Actually, things are going really well right now.  Thanks to some work with our marriage counselor, I was able to learn some things about myself and how I handle change, stress, and conflict.  Turns out, when it comes to the “fight or flight” response, I’m a fighter!  Who knew?!  Only, when I am stressed or anxious or unsettled, often my “fight” mode quite literally becomes FIGHTING mode.  I’ve been reading up on myself, actually.  Researching my personality type and digging deeper into the person God created me to be and I’ve learned a few things about myself.

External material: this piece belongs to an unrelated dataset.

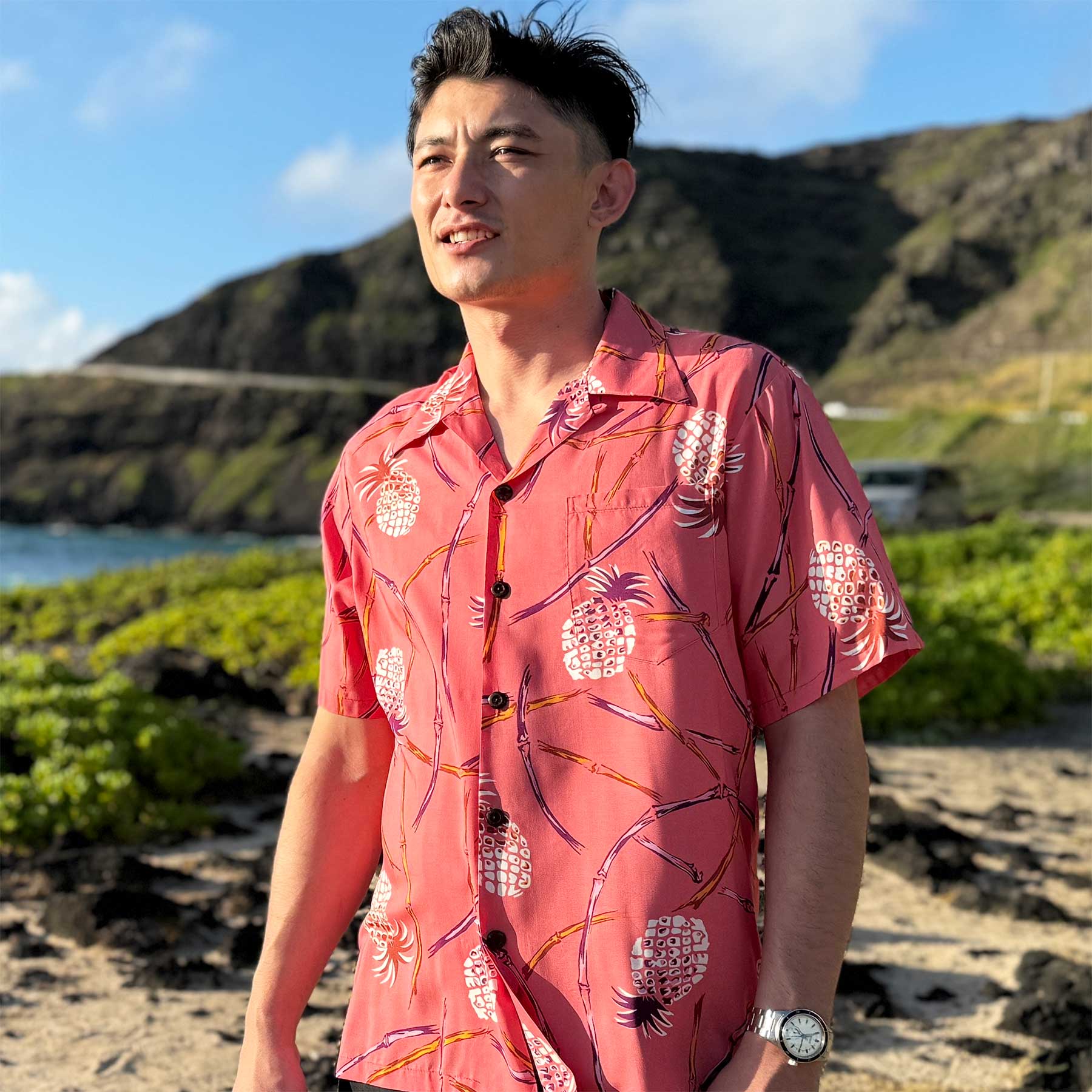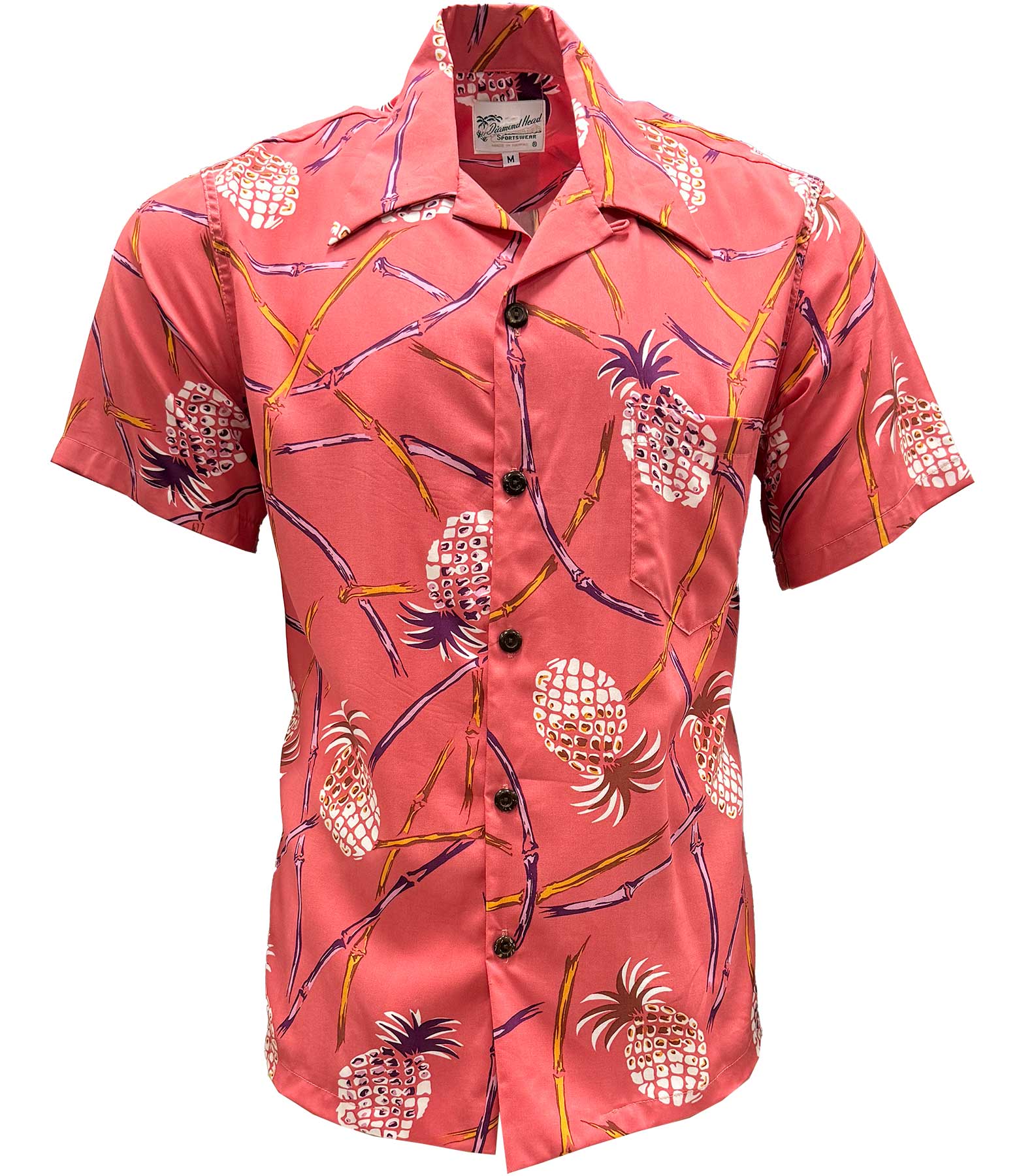 This Retro Pineapple Bamboo - Coral aloha shirt features a stylish vintage-inspired pineapple and bamboo design on a vibrant coral background for a fun and sophisticated tropical look. Made of fine rayon fabric, it offers a soft and comfortable feel, perfect for any occasion. Embrace the luxurious and tasteful vibe of this piece, reminiscent of a bygone era. This handsome shirt is made of 100% rayon and has a matched pocket and real coconut buttons.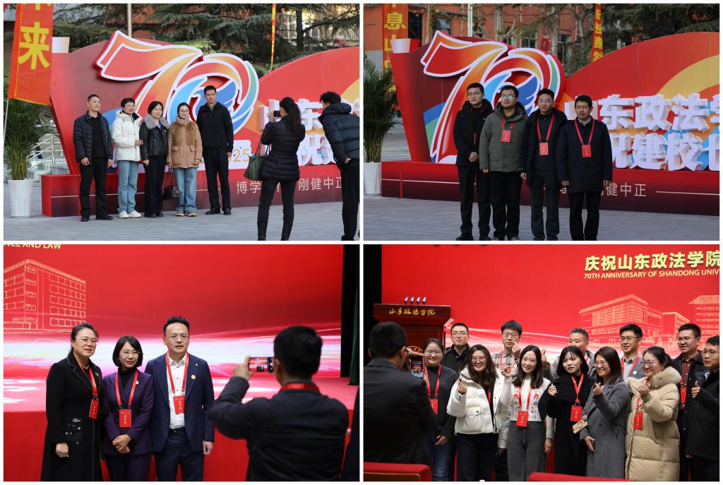 山东大学、中国海洋大学、哈尔滨工业大学(威海)、西北政法大学、甘肃政法大学、上海政法学院、山东农业大学、山东师范大学、山东中医药大学、山东理工大学、芬兰哈格哈里亚应用科学大学、法国布雷斯特高等商学院、德国特里尔应用技术大学等40所国内外高校通过贺信、贺电或视频等方式送来祝福,向山东政法学院建校70周年致以热烈祝贺,彰显了院校间的深厚情谊与协同发展共识。

  1. Most of my anger comes from insecurity.  That doesn’t mean that I don’t ever get justifiably angry.  It just means that when I am insecure about something (oh, I don’t know, like, quitting my job and starting something completely out of my wheelhouse…), I tend to get angry.  When I don’t feel confident about something (oh, I don’t know, like, doing a job I don’t feel like I’m very good at doing…), I tend to get angry.  Or when I’m not sure if someone is happy with me (oh, I don’t know, like, my husband wanting us to start marriage counseling…), I tend to get angry.  Throw in some actual, real life frustrations (oh, I don’t know, like, balancing a family while trying to care for sick loved ones) and you have one unhappy, unbalance Katie.  If you’re the Bible readin’ kind, the book that has helped me through this is Beth Moore’s, “So Long, Insecurity.”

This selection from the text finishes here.